WORK ORDER: Apart from pictures, transcribe exactly each line from the one containing "Figura 3 - Pré e pós-operatório de 8 meses." through the final line of the listing below.

RECORDS SHOWN:
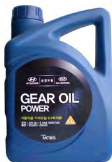
4 л - 02200-00420

Изготовлено на основе высокоочищенного минерального базового масла с добавлением комплекса специальных EP (Extreme Pressure) присадок. Надёжно защищает коробку передач и узлы трансмиссии легковых и грузовых автомобилей, внедорожной и специальной техники при экстремально тяжёлых условиях эксплуатации, включая эксплуатацию автотранспорта в условиях открытых карьеров. Обеспечивает долговременную защиту агрегатов строительной и грузовой техники в условиях высоких переменных нагрузок. Предназначено для современных коробок
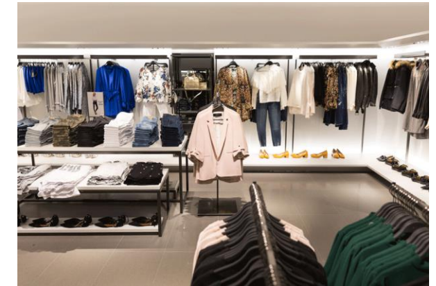
Tienda de ropa
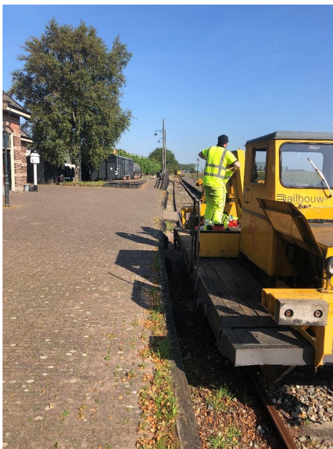
11 september 2023: de strimploeg moest weer op pad om de hm-paaltjes langs de lijn uit het hoog opgeschoten gras te bevrijden. Op de achtergrond wordt gewerkt aan de verlenging van spoor 3.
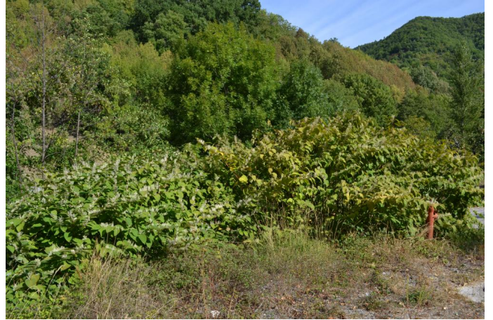
Station de Renouée du Japon (espèce végétale exotique à caractère envahissant) vers Estelle, le 07/09/2017 par Jérémy Cuvelier.
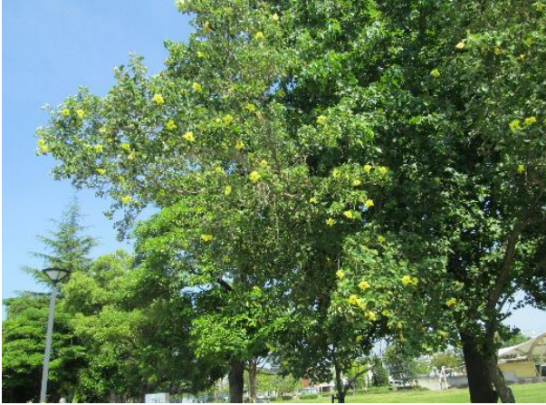
うずしおふれあい公園内
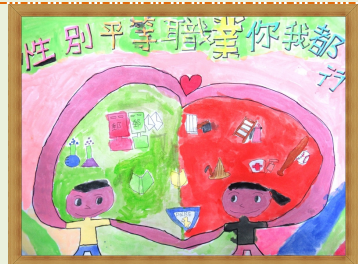
性別平等 職業你我都行 【李祐謙 陳冠成 鄭丞閔】
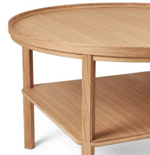
オークオイル仕上げ
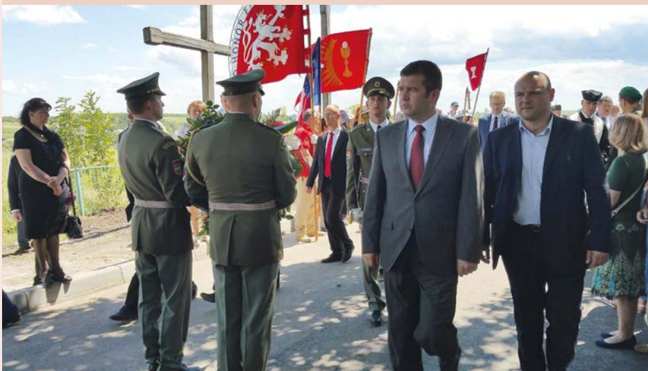
Oslavy 100. výročí bitvy u Zborova. Československým legionářům přijeli vzdát hold vrcholní politici.

Na dědu si pamatuji dobře, i když zemřel v mých jedenácti letech. Jezdil jsem za ním každý druhý víkend do Černošic. Ve vzpomínkách mi utkvěl jako veselý pohodový člověk, brzy vstával a cvičil, chodil na pivo, hrál s důstojníky ve výslužbě karty, vyráběl ovocné víno. Měl rád práci na zahradě, úspěšně pěstoval zeleninu i ovoce. Vzpomínám si, že jednou zapomněl klíče, když šel na návštěvu nemocného kamaráda. Řekl, že musel přelézt plot, bylo mu tenkrát 88 let. Teprve v dospělosti jsem si uvědomil, jaký to byl
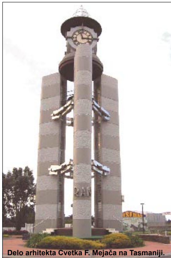
Delo arhitekta Cvetka F. Mejača na Tasmaniji.

Trije stebri, ki rastejo iz zemljepisne podobe Tasmanije, predstavljajo tri rodove: avstralsko kraljevo mornarico, avstralsko pešadijo in avstralsko kraljevo zračno silo. Vsak steber je predstavljen kot knjiga, stekleni kvadrati pa predstavljajo strani, kjer so napisana imena padlih.
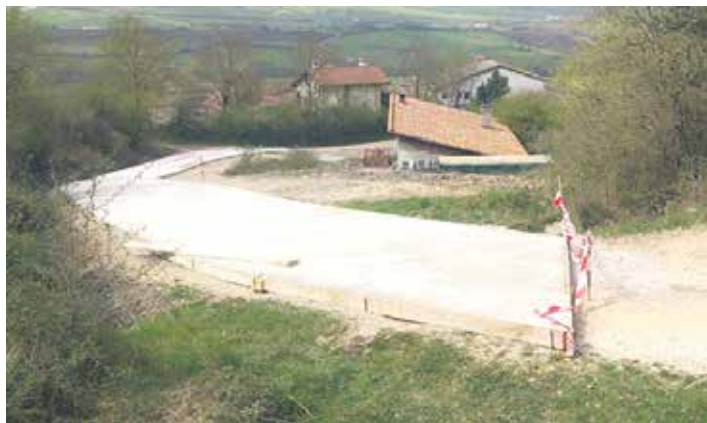
Unanuko Kontzejuak Berriainerako pista lehena zati konpontzen ari da.
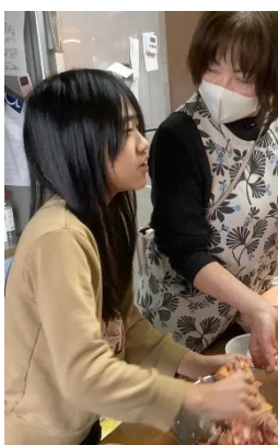
愛と気合を込めて
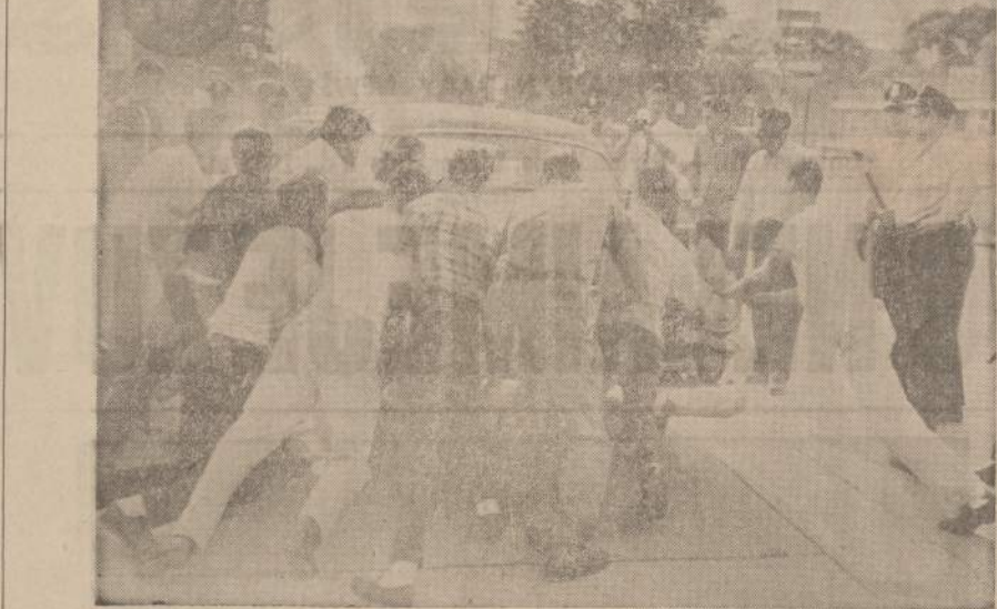
Roseville, Mich., miestelyje streikuoja Detroit Plastic Co. darbininkai. Paveiksle matome susikirtimą streikininkų su dirbtvės vadovybe vedė derybas su uni- ja, bet gegužio 29 dieną pasitarimai nutrūko.
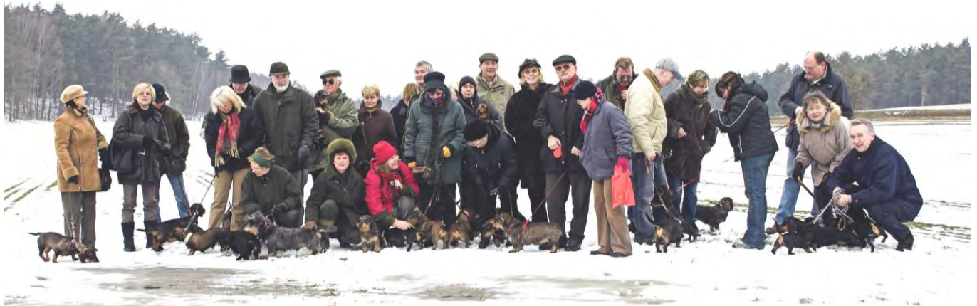
Es gibt ja immer Welche, die nicht aufs Bild wollen! Wir waren wirklich 30 „Spazierer“

herbei und zog die Karre aus dem Dreck! Wie schön, daß wir auch immer wieder Gäste begrüßen können, vielen Dank für diese Hilfe!
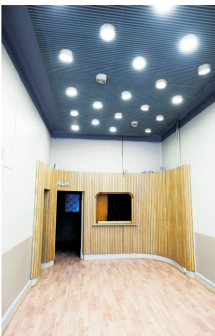
Taket lyser flott og pent i gangen. «Billett kiosken» står der fremdeles.
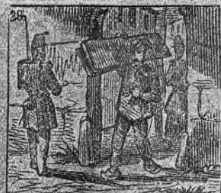
De sus guardias a la faz escapa con un diaz.
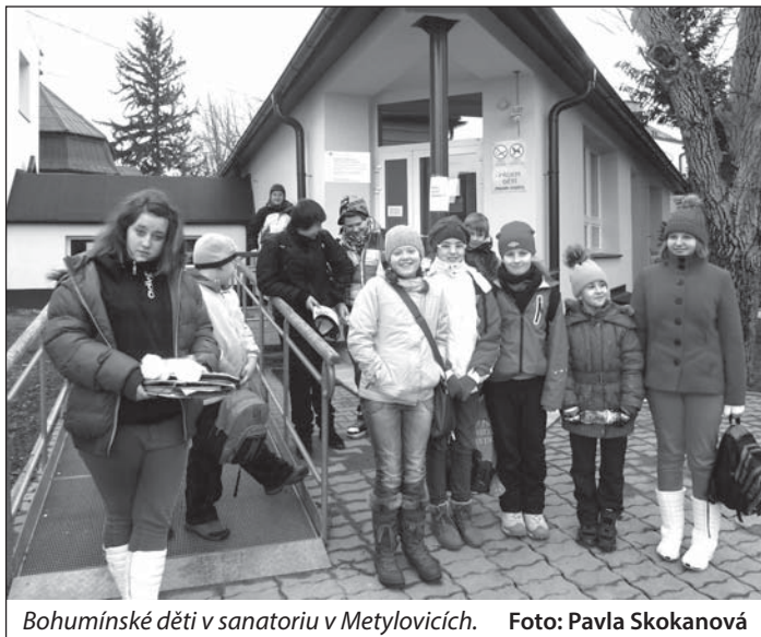
Bohumínské děti v sanatoriu v Metylovicích.

Vzhledem k tomu, že jsou léčebné pobyty pro děti zcela zdarma, dohodla se radnice se sanatoriem v Metylovicích na organizaci léčebných pobytů také na jaře a případně i o prázdninách. „Rodiče, kteří zimní termíny propásli, tak mají jedinečnou možnost
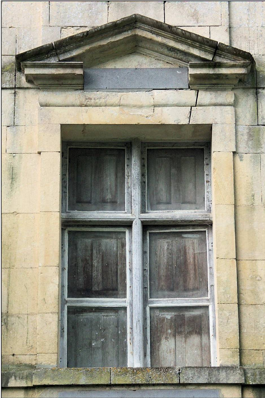
Fig. 1.1. Fenêtre du 1er étage
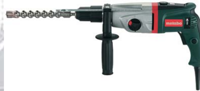
KHE 28 Plus
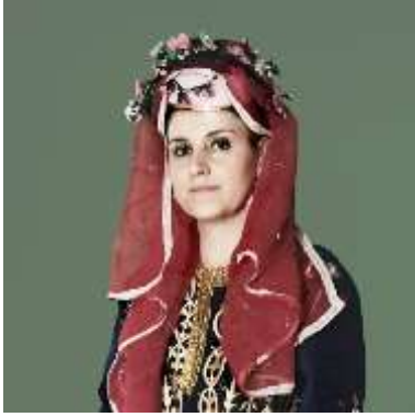
Şekil 9. Kostüm

Anmalık: Gezici Bavul Müze eğitim etkinlikleri bitiminde katılımcılara hediye edilmek üzere, Mudurnu yöresi geleneksel kadın giyim kültürünü yansıtan ve günün anısını taşıyan kitap ayraçları hazırlanmıştır (bkz. şekil 11).
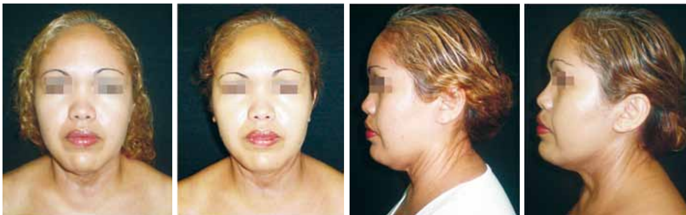
Figura 3 - Pré e pós-operatório de 8 meses.
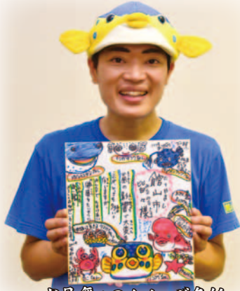
お見舞いのメッセージ色紙 (渚の駅で展示中)
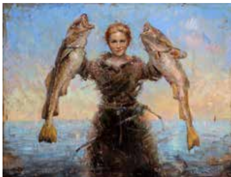
Verk av Jonny Andvik

NB! Utstillingen står også etter Kulturvøkku fram til 25. juli. I perioden 06. – 12.juli åpent kl 14.00 – 18.00 hver dag, i perioden 15.-25. juli åpent hver dag kl 14.00 – 18.00, med unntak av mandager og tirsdager da det er stengt.
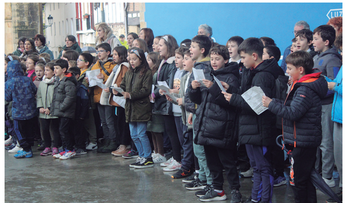
Euria tarteko, Mikel Laboa plazan beharrean Usurbilgo frontoian aritu ziren.

EXERCISE ANSWER:
Figura 3 - Pré e pós-operatório de 8 meses.
お見舞いのメッセージ色紙 (渚の駅で展示中)
Verk av Jonny Andvik

NB! Utstillingen står også etter Kulturvøkku fram til 25. juli. I perioden 06. – 12.juli åpent kl 14.00 – 18.00 hver dag, i perioden 15.-25. juli åpent hver dag kl 14.00 – 18.00, med unntak av mandager og tirsdager da det er stengt.
Euria tarteko, Mikel Laboa plazan beharrean Usurbilgo frontoian aritu ziren.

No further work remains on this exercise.